What were some of the stupid things you would talk about doing?
I really thought that it was going to be easy to become a performer. I remember singing in church is so easy. I shouldn’t say easy, but church people are nicer. If you’re a kid, when you’re singing in church the adults go, “Oh, that’s so precious. Oh that’s so nice. He sounds just like his mom.” Then when I turned around and decided to sing for my elementary school, those kids were mean as hell. They were bored and throwing stuff, and I was like, “You people are terrible. You don’t know Jesus!” So basically I learned quickly that the secular world was a lot harder on performers.

Were people as critical once you came to Broadway? Or were the elementary-school kids the harshest critics?
You know what’s funny? I would say the elementary-school kids are the harshest critics. Because adults lie to your face. Adults will look and you and go, “You were great,” and then go tell their friends, “He was awful.” Kids won’t lie. Kids are like, “Hey man, you’re terrible. You’re the worst thing I’ve ever heard. You should never sing.”

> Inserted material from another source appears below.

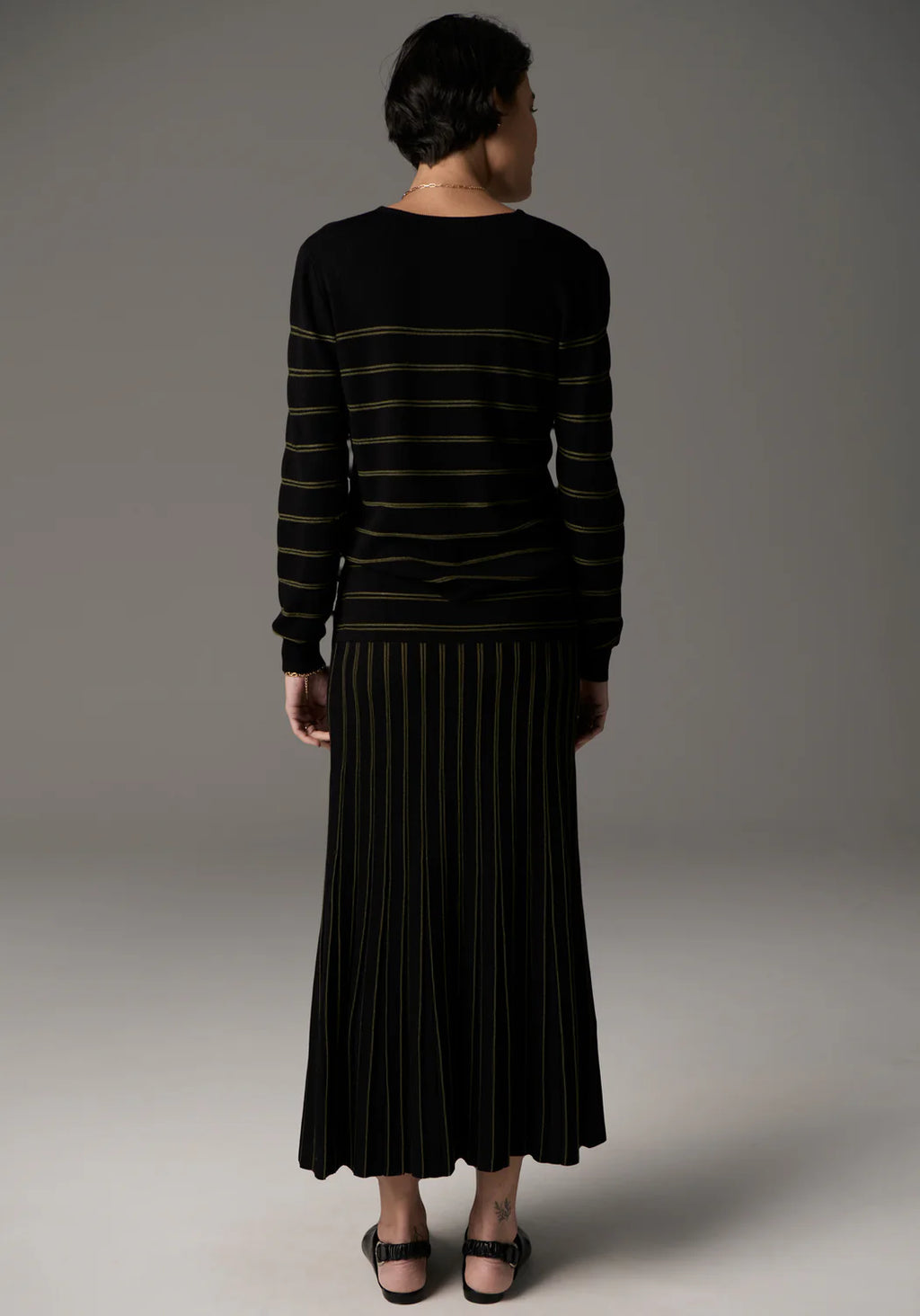 The Gizelle Lurex Striped Knit takes a wardrobe classic and adds a fun yet elevated twist - with tiny bright lurex double stripes bringing texture and a little sparkle.

Before we’re done, I wanted to ask about Batman, because from your Instagram and Twitter, it seems like you really love Batman.
When I was a kid, I used to watch the Adam West show a lot, and somehow that just stuck with me. But The Muppets and Batman would come on after school, and I would watch it. And I loved Adam West’s Batman, but as I got older, my friend introduced me to some comic books when I was about 11, and I loved the duality of Bruce Wayne and Batman. I didn’t like elementary school because, like I said, kids were mean, and I’m kind of a sensitive guy. So I created two personas: The persona that I used at school and the real me. It reminded me of Batman, where Bruce Wayne is the persona. That’s what people want to see. Batman is actually the real him, that’s who he really is. And I just latched on to that, through school, junior high through high school, I did the persona of what James Iglehart was supposed to be so the kids would leave me alone. I got cool. I could rap, I could sing, I could dance, and whenever people would step to me, I could use my words to defend myself. But deep inside I was always afraid of confrontation. As I got older I grew out of it, but Batman was … If Linus had a security blanket, Batman was mine, so he’s always had a very special place in my heart.

This interview has been edited and condensed.